Data for this exercise Block Start
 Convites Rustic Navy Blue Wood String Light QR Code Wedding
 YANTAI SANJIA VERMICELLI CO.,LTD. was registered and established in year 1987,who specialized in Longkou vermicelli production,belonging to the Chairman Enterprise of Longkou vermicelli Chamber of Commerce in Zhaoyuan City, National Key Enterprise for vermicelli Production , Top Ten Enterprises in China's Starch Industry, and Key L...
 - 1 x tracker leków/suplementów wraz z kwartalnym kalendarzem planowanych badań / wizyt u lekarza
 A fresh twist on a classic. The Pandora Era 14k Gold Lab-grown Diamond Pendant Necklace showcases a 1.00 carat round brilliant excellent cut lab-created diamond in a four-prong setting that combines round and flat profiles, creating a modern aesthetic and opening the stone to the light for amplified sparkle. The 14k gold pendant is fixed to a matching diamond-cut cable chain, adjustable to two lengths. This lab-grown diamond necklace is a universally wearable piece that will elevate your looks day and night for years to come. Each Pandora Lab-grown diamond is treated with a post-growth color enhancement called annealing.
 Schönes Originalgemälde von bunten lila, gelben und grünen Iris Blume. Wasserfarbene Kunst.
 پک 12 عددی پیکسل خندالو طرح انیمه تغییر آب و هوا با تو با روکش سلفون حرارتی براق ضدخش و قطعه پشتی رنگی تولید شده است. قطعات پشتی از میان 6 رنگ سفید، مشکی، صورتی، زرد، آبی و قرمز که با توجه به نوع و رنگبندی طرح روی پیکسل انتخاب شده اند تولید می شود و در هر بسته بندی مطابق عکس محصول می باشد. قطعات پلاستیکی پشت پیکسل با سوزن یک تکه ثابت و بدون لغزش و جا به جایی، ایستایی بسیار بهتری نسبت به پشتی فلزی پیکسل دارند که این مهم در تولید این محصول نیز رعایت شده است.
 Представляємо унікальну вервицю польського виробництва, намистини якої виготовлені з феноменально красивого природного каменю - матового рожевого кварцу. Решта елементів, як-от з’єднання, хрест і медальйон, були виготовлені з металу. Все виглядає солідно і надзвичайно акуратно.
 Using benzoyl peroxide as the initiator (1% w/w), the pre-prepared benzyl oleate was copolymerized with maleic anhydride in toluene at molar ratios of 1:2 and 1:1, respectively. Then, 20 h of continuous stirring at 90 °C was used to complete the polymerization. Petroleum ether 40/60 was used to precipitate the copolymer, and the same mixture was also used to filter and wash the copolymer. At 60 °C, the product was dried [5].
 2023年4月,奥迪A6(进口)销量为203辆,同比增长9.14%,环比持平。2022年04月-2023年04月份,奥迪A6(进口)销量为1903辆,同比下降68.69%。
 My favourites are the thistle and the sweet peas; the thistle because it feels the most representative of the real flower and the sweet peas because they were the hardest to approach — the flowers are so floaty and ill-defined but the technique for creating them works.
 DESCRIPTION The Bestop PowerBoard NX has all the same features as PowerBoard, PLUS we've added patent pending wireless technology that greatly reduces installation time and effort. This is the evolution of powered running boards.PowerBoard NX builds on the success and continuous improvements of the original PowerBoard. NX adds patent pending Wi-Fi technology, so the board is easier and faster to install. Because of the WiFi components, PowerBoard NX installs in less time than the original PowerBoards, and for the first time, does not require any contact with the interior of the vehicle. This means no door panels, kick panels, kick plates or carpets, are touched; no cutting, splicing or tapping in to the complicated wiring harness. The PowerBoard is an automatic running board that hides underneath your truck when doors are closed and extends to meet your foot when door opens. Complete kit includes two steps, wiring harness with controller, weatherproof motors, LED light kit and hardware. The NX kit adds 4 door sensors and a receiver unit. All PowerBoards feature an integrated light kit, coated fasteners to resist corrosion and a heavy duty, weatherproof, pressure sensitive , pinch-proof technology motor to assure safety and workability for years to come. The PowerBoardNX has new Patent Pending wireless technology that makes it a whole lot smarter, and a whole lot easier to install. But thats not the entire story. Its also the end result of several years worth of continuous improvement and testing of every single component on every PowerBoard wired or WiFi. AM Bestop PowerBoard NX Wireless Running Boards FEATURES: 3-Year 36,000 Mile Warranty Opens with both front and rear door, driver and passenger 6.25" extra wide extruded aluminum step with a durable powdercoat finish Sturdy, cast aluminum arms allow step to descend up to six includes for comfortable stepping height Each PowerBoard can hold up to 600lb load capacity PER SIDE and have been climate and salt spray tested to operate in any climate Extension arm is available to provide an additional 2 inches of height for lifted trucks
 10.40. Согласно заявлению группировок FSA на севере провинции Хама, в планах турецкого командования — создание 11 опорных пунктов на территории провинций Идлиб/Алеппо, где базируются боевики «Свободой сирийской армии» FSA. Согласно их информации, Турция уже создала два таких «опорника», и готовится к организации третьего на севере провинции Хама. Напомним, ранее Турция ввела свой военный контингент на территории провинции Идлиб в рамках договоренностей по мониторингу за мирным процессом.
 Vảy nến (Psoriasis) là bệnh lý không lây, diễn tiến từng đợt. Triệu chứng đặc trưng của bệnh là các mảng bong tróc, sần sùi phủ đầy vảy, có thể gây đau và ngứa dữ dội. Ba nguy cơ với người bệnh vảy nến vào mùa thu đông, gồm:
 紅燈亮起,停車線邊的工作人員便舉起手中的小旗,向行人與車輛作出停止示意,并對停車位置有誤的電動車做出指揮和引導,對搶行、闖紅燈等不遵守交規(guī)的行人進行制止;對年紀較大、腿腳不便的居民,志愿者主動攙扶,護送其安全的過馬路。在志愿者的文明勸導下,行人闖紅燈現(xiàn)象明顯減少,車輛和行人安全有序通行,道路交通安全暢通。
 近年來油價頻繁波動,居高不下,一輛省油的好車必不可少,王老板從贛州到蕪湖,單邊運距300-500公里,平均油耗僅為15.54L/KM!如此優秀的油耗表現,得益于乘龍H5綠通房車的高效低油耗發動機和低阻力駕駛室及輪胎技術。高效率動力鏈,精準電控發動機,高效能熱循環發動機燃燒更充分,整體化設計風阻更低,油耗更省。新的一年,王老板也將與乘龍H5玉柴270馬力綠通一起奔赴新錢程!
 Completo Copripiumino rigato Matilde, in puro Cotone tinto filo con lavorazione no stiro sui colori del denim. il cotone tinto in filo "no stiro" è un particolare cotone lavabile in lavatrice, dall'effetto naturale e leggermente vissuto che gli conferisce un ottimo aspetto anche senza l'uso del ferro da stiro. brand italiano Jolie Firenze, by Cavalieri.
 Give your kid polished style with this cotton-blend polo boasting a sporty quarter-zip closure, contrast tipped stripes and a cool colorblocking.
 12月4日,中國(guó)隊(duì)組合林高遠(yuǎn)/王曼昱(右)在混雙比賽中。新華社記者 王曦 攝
Data for this exercise Block End
From the first line above through the line that contains "پک 12 عددی پیکسل", quote each line exactly. Output nothing more.

**Exercise answer**
 Convites Rustic Navy Blue Wood String Light QR Code Wedding
 YANTAI SANJIA VERMICELLI CO.,LTD. was registered and established in year 1987,who specialized in Longkou vermicelli production,belonging to the Chairman Enterprise of Longkou vermicelli Chamber of Commerce in Zhaoyuan City, National Key Enterprise for vermicelli Production , Top Ten Enterprises in China's Starch Industry, and Key L...
 - 1 x tracker leków/suplementów wraz z kwartalnym kalendarzem planowanych badań / wizyt u lekarza
 A fresh twist on a classic. The Pandora Era 14k Gold Lab-grown Diamond Pendant Necklace showcases a 1.00 carat round brilliant excellent cut lab-created diamond in a four-prong setting that combines round and flat profiles, creating a modern aesthetic and opening the stone to the light for amplified sparkle. The 14k gold pendant is fixed to a matching diamond-cut cable chain, adjustable to two lengths. This lab-grown diamond necklace is a universally wearable piece that will elevate your looks day and night for years to come. Each Pandora Lab-grown diamond is treated with a post-growth color enhancement called annealing.
 Schönes Originalgemälde von bunten lila, gelben und grünen Iris Blume. Wasserfarbene Kunst.
 پک 12 عددی پیکسل خندالو طرح انیمه تغییر آب و هوا با تو با روکش سلفون حرارتی براق ضدخش و قطعه پشتی رنگی تولید شده است. قطعات پشتی از میان 6 رنگ سفید، مشکی، صورتی، زرد، آبی و قرمز که با توجه به نوع و رنگبندی طرح روی پیکسل انتخاب شده اند تولید می شود و در هر بسته بندی مطابق عکس محصول می باشد. قطعات پلاستیکی پشت پیکسل با سوزن یک تکه ثابت و بدون لغزش و جا به جایی، ایستایی بسیار بهتری نسبت به پشتی فلزی پیکسل دارند که این مهم در تولید این محصول نیز رعایت شده است.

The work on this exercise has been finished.